--- EXERCISE ---
Could you repeat every line below exactly, skipping the images?

--- COLLECTED MATERIAL ---
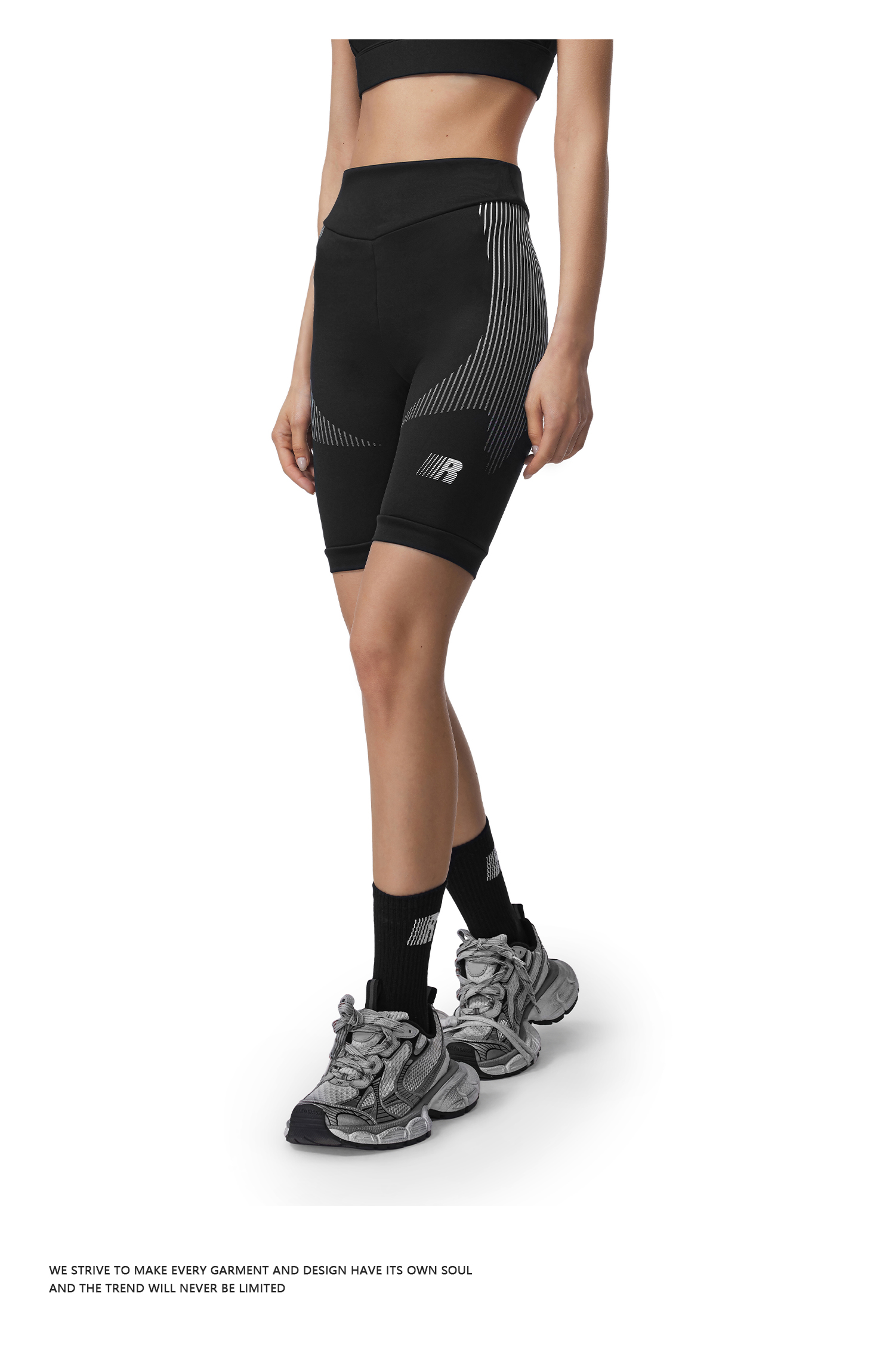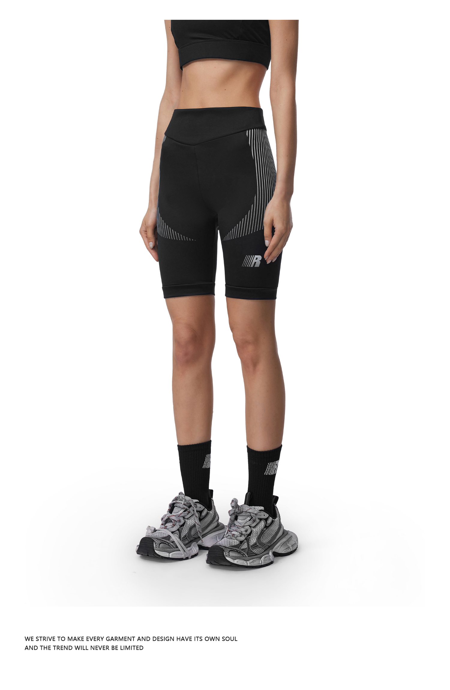 FDR官方店 先锋R字条纹瑜伽骑行裤女夏季跑步健身高腰五分打底裤
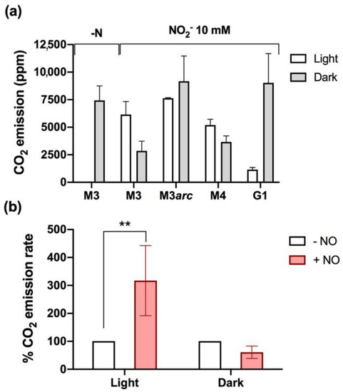 The low N2O production detected in these strains seems to point out that NO is not highly accumulated. Consequently, both strains exhibited high CO2 emissions in the dark and low CO2 levels in light (Figure 5c,d, and Supplementary Table S1), suggesting that 10 mM NO2− is not enough to alter CO2 evolution under our experimental conditions.
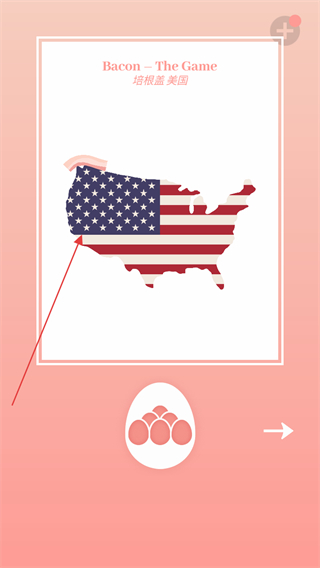 1、明确当前任务是制作培根盖美国,将培根拖动到美国地图造型的对应位置。

--- TASK SOLUTION ---
 FDR官方店 先锋R字条纹瑜伽骑行裤女夏季跑步健身高腰五分打底裤
 The low N2O production detected in these strains seems to point out that NO is not highly accumulated. Consequently, both strains exhibited high CO2 emissions in the dark and low CO2 levels in light (Figure 5c,d, and Supplementary Table S1), suggesting that 10 mM NO2− is not enough to alter CO2 evolution under our experimental conditions.
 1、明确当前任务是制作培根盖美国,将培根拖动到美国地图造型的对应位置。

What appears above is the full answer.